WHAT YOU SHOULD DO: Stop at the line containing "TFA Dostmann CO2": write out every line from the beginning of the entries up to and including it, minus the pictures.

Source data:
++++++++

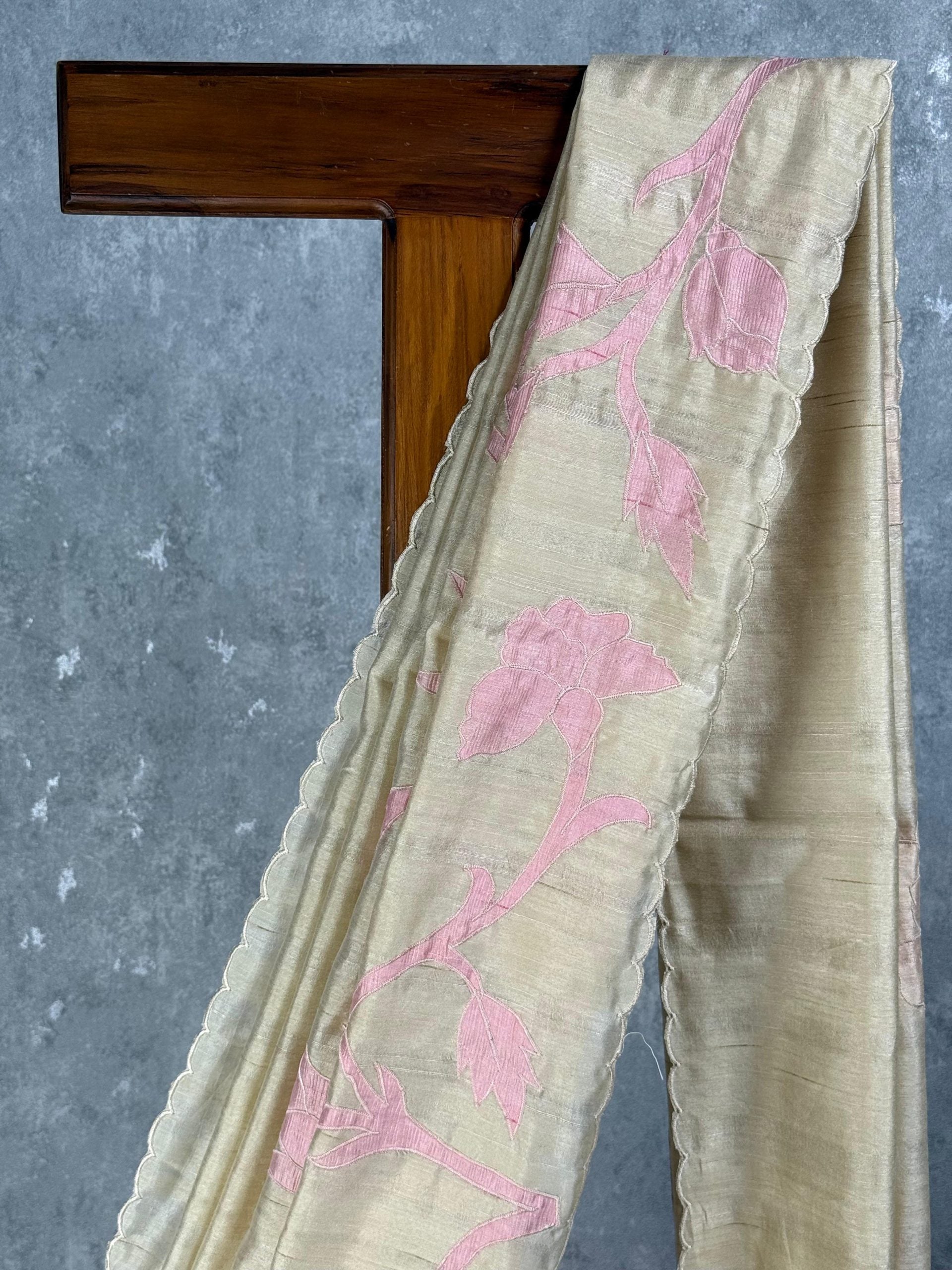 This semi Tussar appliqué embroidery saree is a stunning piece of traditional Indian attire. The saree features a beige base colour with intricate pink floral embroidery along the border, adding a touch of elegance to its overall design. The scalloped edges of the saree further enhance its beauty, making it a perfect choice for formal occasions. The combination of beige and pink creates a harmonious contrast that is both visually appealing and sophisticated. The saree comes with attached blouse piece.
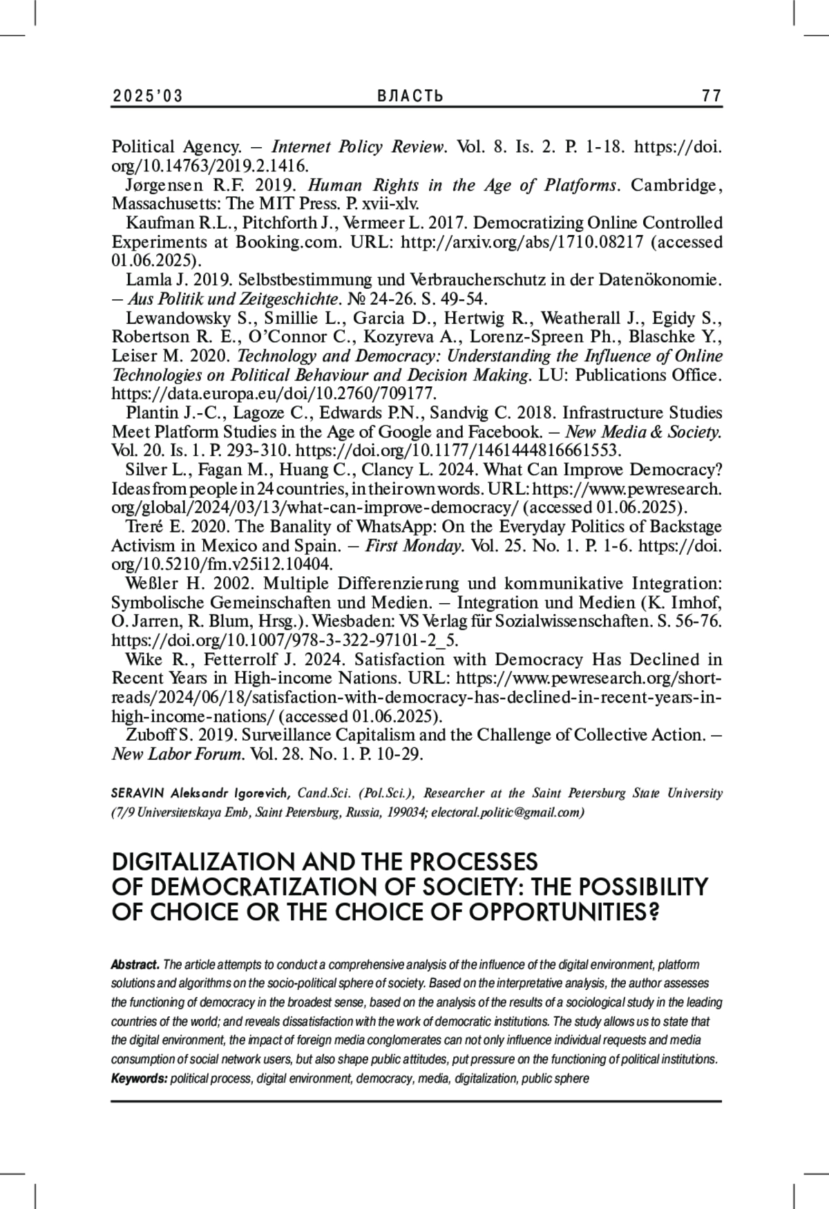 6. Hofmann J. 2019. Mediated Democracy: Linking Digital Technology to Political Agency. - Internet Policy Review. Vol. 8. Is. 2. Р. 1-18. DOI: 10.14763/2019.2.1416
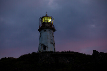 Rudny lighthouse at Cape Briner in the village of Smychka (Rudnaya Pristan), Primorsky Territory. The beautiful Rudny lighthouse stands on a sheer cliff against the backdrop of a bright dawn
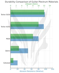 Hypothetically, comparing the abrasion resistance and lifespan of innovative materials like Torlon and PEEK to traditional ones such as Celluloid and Delrin reveals stark differences. Engineered for intense wear, Torlon and PEEK significantly outlast standard materials, offering musicians a durable alternative that withstand extensive, rigorous use:
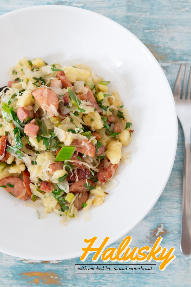 I had a go at recreating it at home but it wasn’t perfect, so I adjusted the recipe and it was a hit. It’s a nicely balanced mix of textures – soft halušky and a bit of crunch from the green onions – and flavours – a bit of sour, slightly sweet and smokey. Goes well with a cold beer.
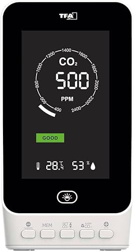 TFA Dostmann CO2 Messgerät AIRCO2NTROL UP, 31.5010.02, Luftgütemonitor, NDIR Dual Beam Sensor, Alarmfunktion für CO2 Konzentration, Raumklimaüberwachung, weiß
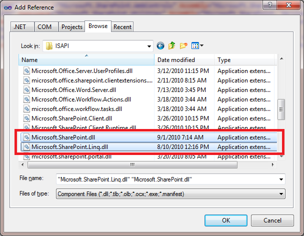Right click on Reference and select Add Reference. To locate Microsoft.SharePoint and Microsoft.SharePoint.Linq dll browse to C:\Program Files\Common Files\Microsoft Shared\Web Server Extensions\14\ISAPI. All the SharePoint dll are here in this location.
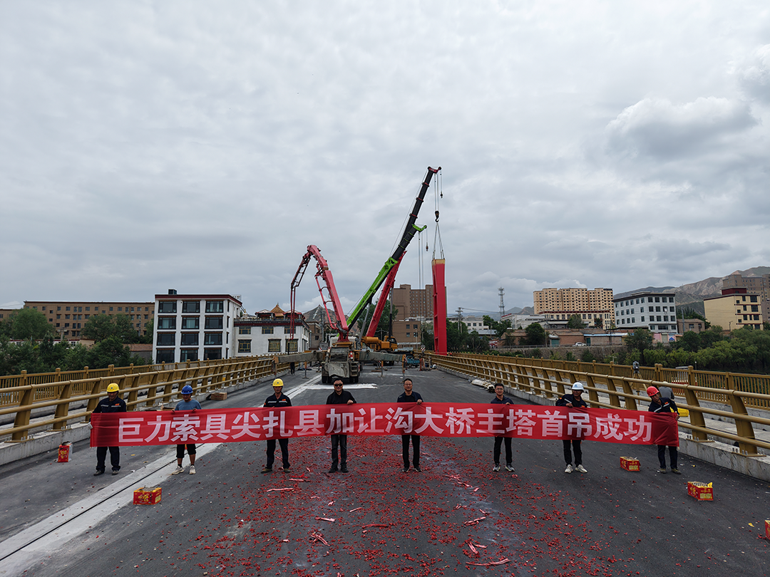 【巨力工程】尖扎县加让沟大桥主塔首吊胜利
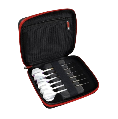 Firestone Grande case is single zipped with a maximum capacity design. It has multiple pockets and holds several fully assembled darts. Also has plenty of pockets for extra shafts and flights. The Grande 2 holds 2 sets of darts plus extra shafts and flights. The Grande 4 holds 4 sets of darts plus extra shafts and flights.
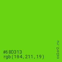 Цвет #68D313 в цветовой модели RGB обозначается тремя октетами (104, 211, 19) в десятичном формате и #68D313 в шестнадцатиричном (hex) формате, которые являются интенсивностью красного 104 (hex 68), интенсивность зелёного 211 (hex D3) и интенсивность синего 19 (hex 13).
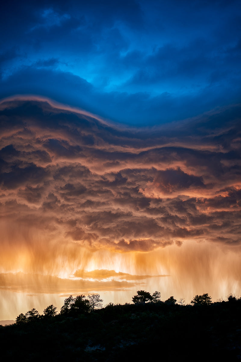 I was at my home one summer evening when I saw thunderstorms rolling in over the mountains as the sun was setting behind them. I quickly got over to nearby Palmer Park, a natural area near my house, and took a series of photos. This one was my favorite. I love the shape of the clouds, and the way the deep blue shows above the sunlit bottom. I have never seen clouds like it before or since.

++++++++

TASK RESULT:
 This semi Tussar appliqué embroidery saree is a stunning piece of traditional Indian attire. The saree features a beige base colour with intricate pink floral embroidery along the border, adding a touch of elegance to its overall design. The scalloped edges of the saree further enhance its beauty, making it a perfect choice for formal occasions. The combination of beige and pink creates a harmonious contrast that is both visually appealing and sophisticated. The saree comes with attached blouse piece.
 6. Hofmann J. 2019. Mediated Democracy: Linking Digital Technology to Political Agency. - Internet Policy Review. Vol. 8. Is. 2. Р. 1-18. DOI: 10.14763/2019.2.1416
 Rudny lighthouse at Cape Briner in the village of Smychka (Rudnaya Pristan), Primorsky Territory. The beautiful Rudny lighthouse stands on a sheer cliff against the backdrop of a bright dawn
 Hypothetically, comparing the abrasion resistance and lifespan of innovative materials like Torlon and PEEK to traditional ones such as Celluloid and Delrin reveals stark differences. Engineered for intense wear, Torlon and PEEK significantly outlast standard materials, offering musicians a durable alternative that withstand extensive, rigorous use:
 I had a go at recreating it at home but it wasn’t perfect, so I adjusted the recipe and it was a hit. It’s a nicely balanced mix of textures – soft halušky and a bit of crunch from the green onions – and flavours – a bit of sour, slightly sweet and smokey. Goes well with a cold beer.
 TFA Dostmann CO2 Messgerät AIRCO2NTROL UP, 31.5010.02, Luftgütemonitor, NDIR Dual Beam Sensor, Alarmfunktion für CO2 Konzentration, Raumklimaüberwachung, weiß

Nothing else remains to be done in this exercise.